*** Data records ***

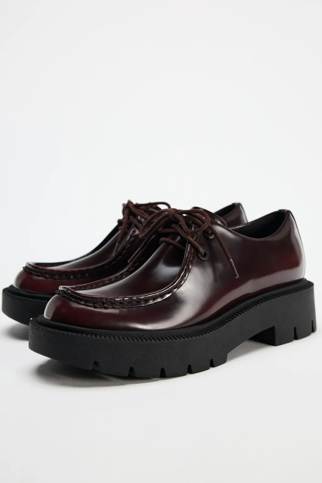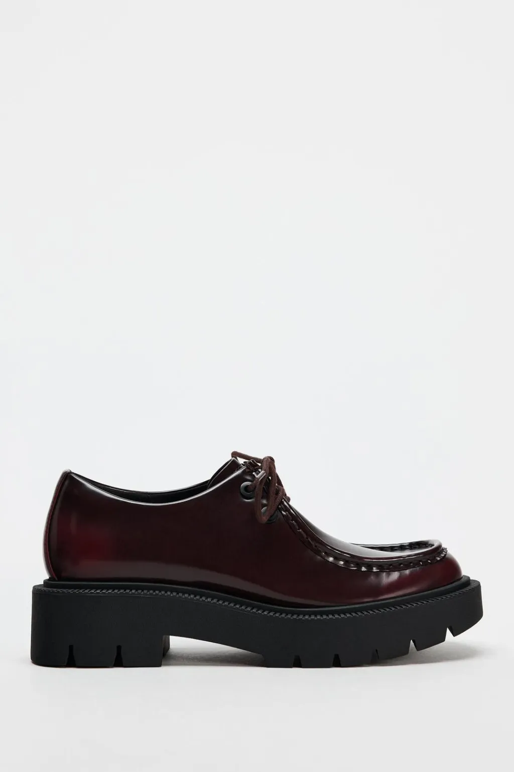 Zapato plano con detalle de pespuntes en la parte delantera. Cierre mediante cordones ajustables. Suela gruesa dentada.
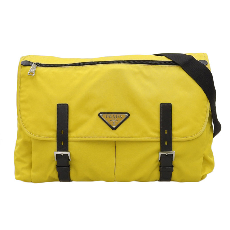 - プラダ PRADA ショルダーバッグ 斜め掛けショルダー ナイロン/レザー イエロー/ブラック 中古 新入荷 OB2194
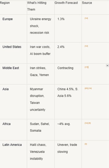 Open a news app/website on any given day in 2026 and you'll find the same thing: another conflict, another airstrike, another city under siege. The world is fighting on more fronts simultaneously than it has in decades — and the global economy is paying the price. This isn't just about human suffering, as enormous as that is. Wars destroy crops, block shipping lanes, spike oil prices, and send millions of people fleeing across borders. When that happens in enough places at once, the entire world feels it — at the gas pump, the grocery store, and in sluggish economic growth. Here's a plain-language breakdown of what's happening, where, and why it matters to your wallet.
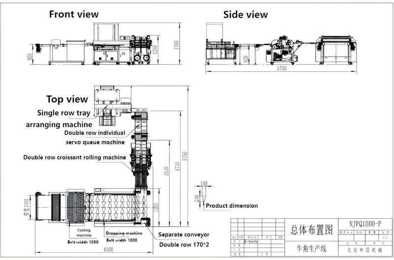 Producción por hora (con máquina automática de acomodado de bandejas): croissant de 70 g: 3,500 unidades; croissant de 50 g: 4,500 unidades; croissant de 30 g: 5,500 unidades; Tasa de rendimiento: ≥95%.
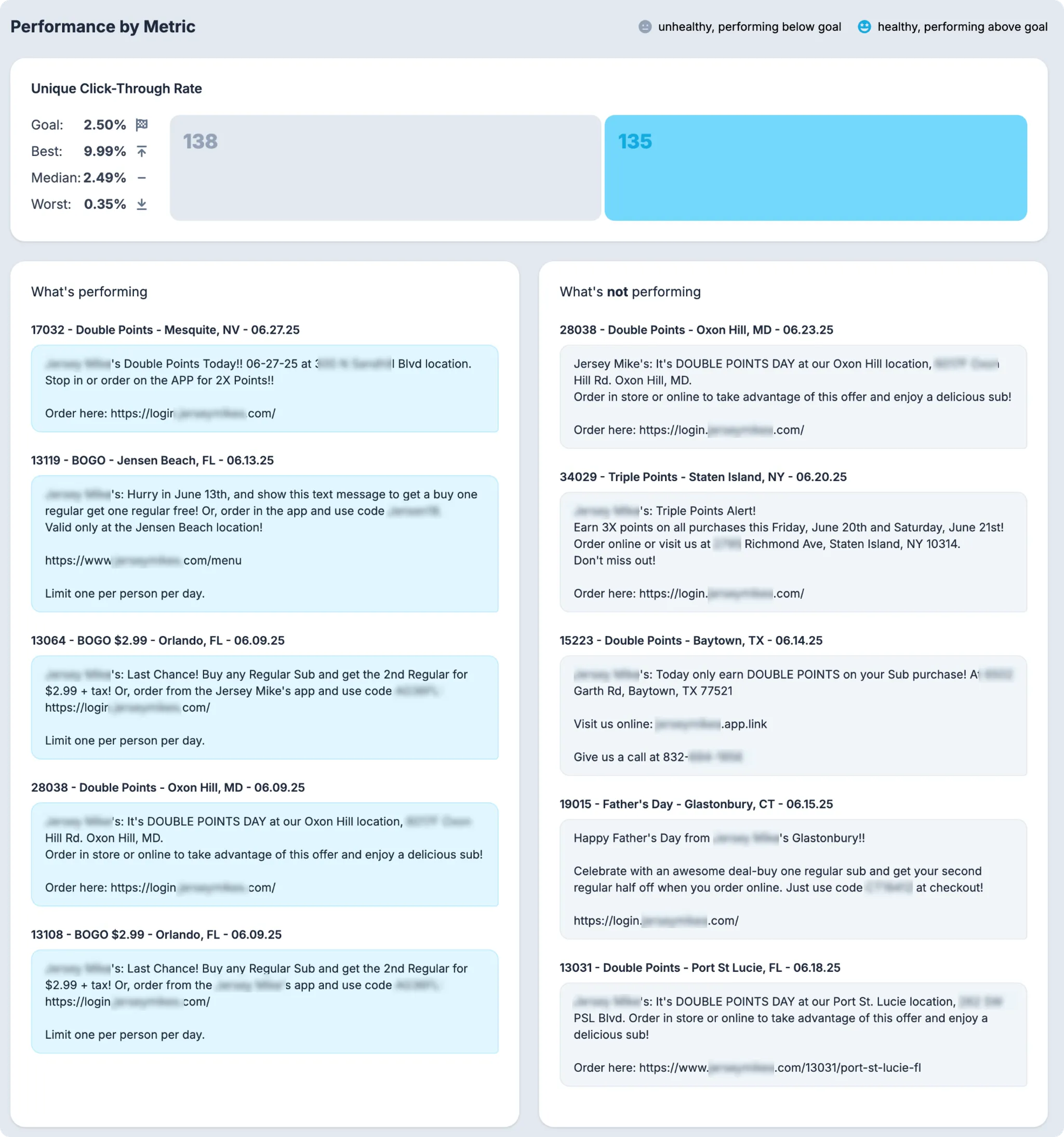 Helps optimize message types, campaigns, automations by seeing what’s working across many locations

*** End of Data records ***
*** Data records ***

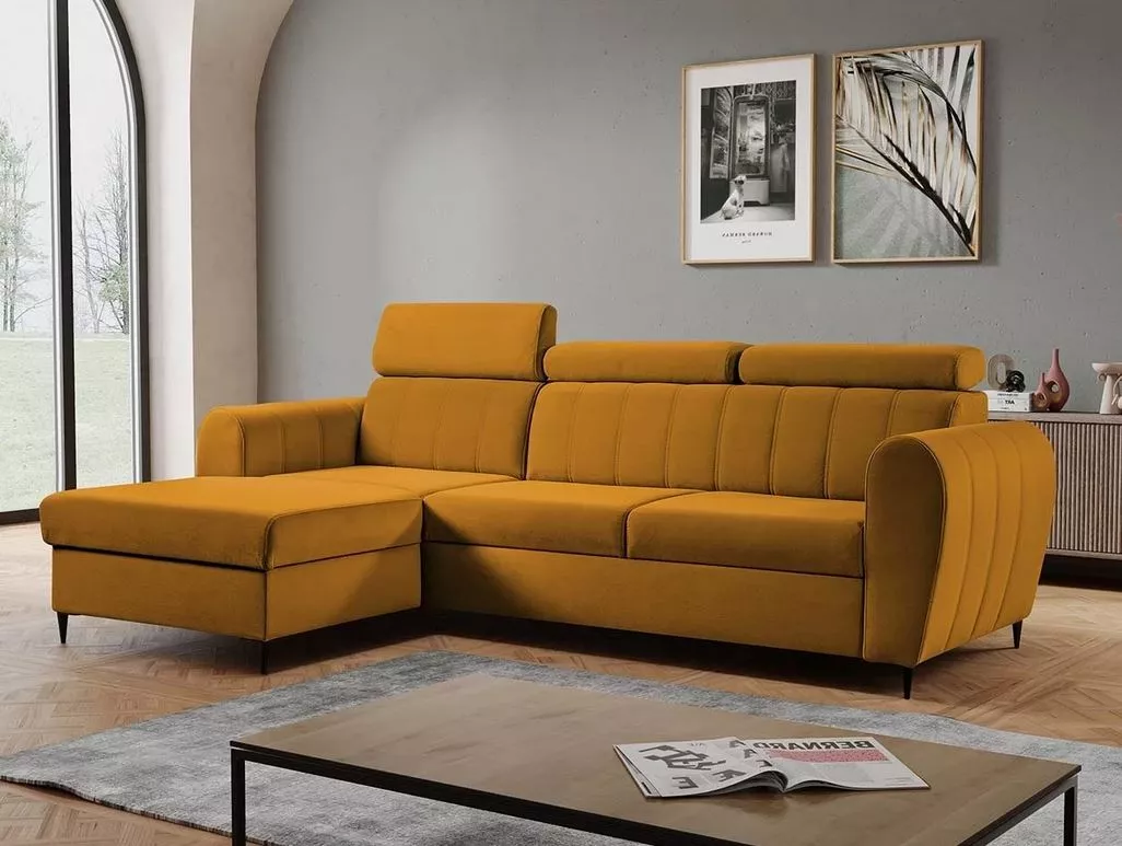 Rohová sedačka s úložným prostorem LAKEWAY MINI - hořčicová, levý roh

*** End of Data records ***

### Exercise instructions
Would you copy the lines above exactly, starting with the one that has "Open a news" and ending with the one that has "Helps optimize message", both included, without the pictures?

### Output below
 Open a news app/website on any given day in 2026 and you'll find the same thing: another conflict, another airstrike, another city under siege. The world is fighting on more fronts simultaneously than it has in decades — and the global economy is paying the price. This isn't just about human suffering, as enormous as that is. Wars destroy crops, block shipping lanes, spike oil prices, and send millions of people fleeing across borders. When that happens in enough places at once, the entire world feels it — at the gas pump, the grocery store, and in sluggish economic growth. Here's a plain-language breakdown of what's happening, where, and why it matters to your wallet.
 Producción por hora (con máquina automática de acomodado de bandejas): croissant de 70 g: 3,500 unidades; croissant de 50 g: 4,500 unidades; croissant de 30 g: 5,500 unidades; Tasa de rendimiento: ≥95%.
 Helps optimize message types, campaigns, automations by seeing what’s working across many locations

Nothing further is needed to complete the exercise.